Descriptive analyses of item scores, subscores, and total test scores were conducted in the 
present study. Moreover, the reliability of each subscale, the total test, the correlations between 
subscores, and the correlations between each subscore and the total test score were analyzed and 
compared. Expected reliability was also computed for each subscale using the Spearman-Brown 
formula. Following the approach of Haberman (2005) and his colleagues, a set of RMSEs was 
computed for each of the seven subscales while using different observed scores to approximate 
the related true subscores. 

It should be noted that the augmented scores approach fails to take into account the 
internal structure of the test. In many cases, the test’s internal structure may influence the 
interpretation of the subscore and affect the decision of whether to report individual students’ 
subscores (Messick, 1989). Analyzing the internal structure (or dimensionality) of the test and 
subscales provides additional evidence beyond that provided by the reliability analysis. 
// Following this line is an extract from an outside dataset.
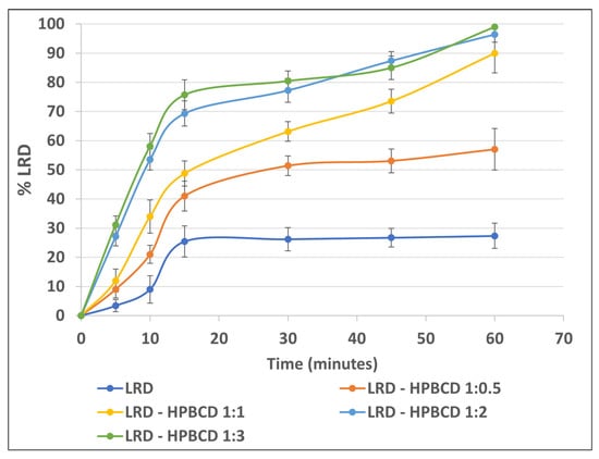 An amount of each complex equivalent to 20 mg of LRD was accurately weighed and manually encapsulated in gelatin capsules of size 1. Then, the dissolution testing was carried out in an apparatus II (paddle method) using a Distek dissolution system model 2500i (Distek, Inc., North Brunswick Township, NJ, USA) with 900 mL of citrate–phosphate buffer pH 3.8 (37 °C) and the paddle rotating at 50 rpm, according to the FDA’s recommendations []. Each capsule was added to the vessel with a sinker, and aliquots were withdrawn at 5, 10, 15, 30, 45, and 60 min of the test. Each sample was filtered with a PVDF 0.45 µm syringe filter (Merck Millipore, Darmstadt, Germany) and analyzed by HPLC according to the conditions described in Section 2.9.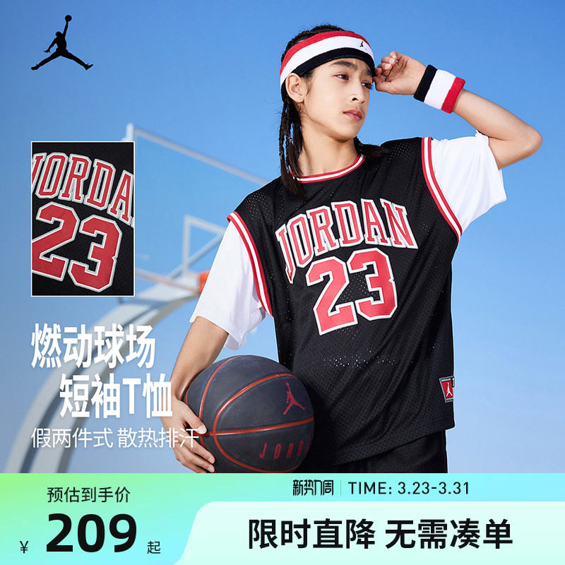 Jordan男女童短袖篮球上衣儿童运动衣透气2026夏季新款大小童球服

Two types of exploratory analysis were performed to evaluate the internal structure of the 
test based on the seven subscores. Both principal component analysis (PCA; Widaman, 2007) 
and exploratory factor analysis (EFA) based on the maximum likelihood method were performed 
using the variance-covariance matrix of the seven subscale scores. The SAS Factor Procedures 
(PROC Factor; SAS Institute, 2002) were applied here. Confirmatory factor analysis (CFA) was 
then perfonned using LISREL 8 (Joreskog & Sorbom, 1999), based on the models selected from 
the exploratory analysis. 

A common goal of structural equation modeling (SEM) is to approximate or reproduce 
the observed variance-covariance matrix (for continuous variables) or the tetrachoric-polychoric 
correlation matrix (for categorical variables). More specifically, a model-implied variance- 
covariance (or correlation) matrix is specified to approximate the observed variance-covariance 
(or correlation) matrix, with a set of parameter estimates that could minimize the distance 
between the two matrixes (Joreskog & Sorbom, 1999; Raykov & Marcoulidies, 2000). 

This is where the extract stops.